Child Mortality Rate in Sub Saharan Africa
I chose to make a bar chart in Tableau. Click on the link https://public.tableau.com/app/profile/duchelle.kemoue/viz/ChildMortalityRateinSub-SaharanAfrica/ChildMortalityBarChart
I dragged Age group and Income in columns, Value in Rows, Region Unicef Name and Indicator in Filters to select only Sub Saharan Africa among the regions and to select indicators that are only relative to mortality, and dragged Progress to Color. I clicked on color to change to a green color gradient to distinguish between the progress and add a pink border between bars. I clicked on the right arrow of Age group to sort from 0-27 days to 15-19 years manually.
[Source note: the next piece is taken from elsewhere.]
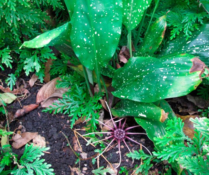 У цієї вічнозеленої рослини листові пластини мають довгі черешки (до 30 сантиметрів), а їх довжина може доходити до півметра. На їх поверхні знаходиться безліч дрібних білих цяток. Даний вид, як і багато інших, відрізняється невимогливістю у догляді. Він дуже витривалий і тому добре росте в прохолодному кліматі в місцях з загазованим повітрям. З часом кущ розростається і стає пишним. У підстави кореневища 1 раз в рік в перші літні тижні виростає маленький фіолетовий квітка. Після розкриття бутона квітка в поперечнику досягає близько 30 мм.

I did the same with income to sort from Low income to High income, and progress to sort from Needs urgent attention to Target met.Still by clicking on the right arrow of progress, I select the Highlight selected items option to accentuate a progress level on the chart by clicking on it. I right clicked on x and y axis to bold the font and renamed y-axis into Mortality rate (Per 1000 children in the age-group). I then renamed the chart title to “Child Mortality Rate in Sub-Saharan Africa (2020)” and renamed the sheet to Child Mortality Bar Chart. I hided all the cards that I did not need by right-clicking on Marks, Filters, Columns, and Rows, then selecting Hide card and set the view to entire view to enable the chart to fit in any screen. Doing that, I automatically got a bar chart that displays child mortality rate per income level, colored by progress level. The darker the green color is, the better the progress is. y- axis represents the child mortality rate per 1000 children within each age group.
We observe that as income level negatively decreases, child mortality rate increases.It means that low income has the highest rate of child mortality and high income the lowest rate. Besides, The mortality rate decreases as the age group increases. Indeed, children from 0 to 4 years have the highest mortality rate with acceleration needed in the progress level while children of 15 to 19 years have the lowest mortality rate. The first age group having the highest mortality rate, indicates that neonatal mortality is a significant concern in Sub-Saharan Africa.
Given the high mortality rates in the 0-27 days age group, targeted interventions to improve neonatal health could be beneficial. This could include improving prenatal care, increasing access to skilled birth attendants, and enhancing neonatal care facilities. In a meanwhile, although the mortality rates are lower for older age groups, continued efforts are needed to sustain and further reduce these rates. This could involve improving nutrition, vaccination coverage, and access to healthcare services for children.
I could have mapped these data using leaflet, but I would have needed to merge the dataset with another one. I decided to stop here although much more analysis could have been done with this rich dataset.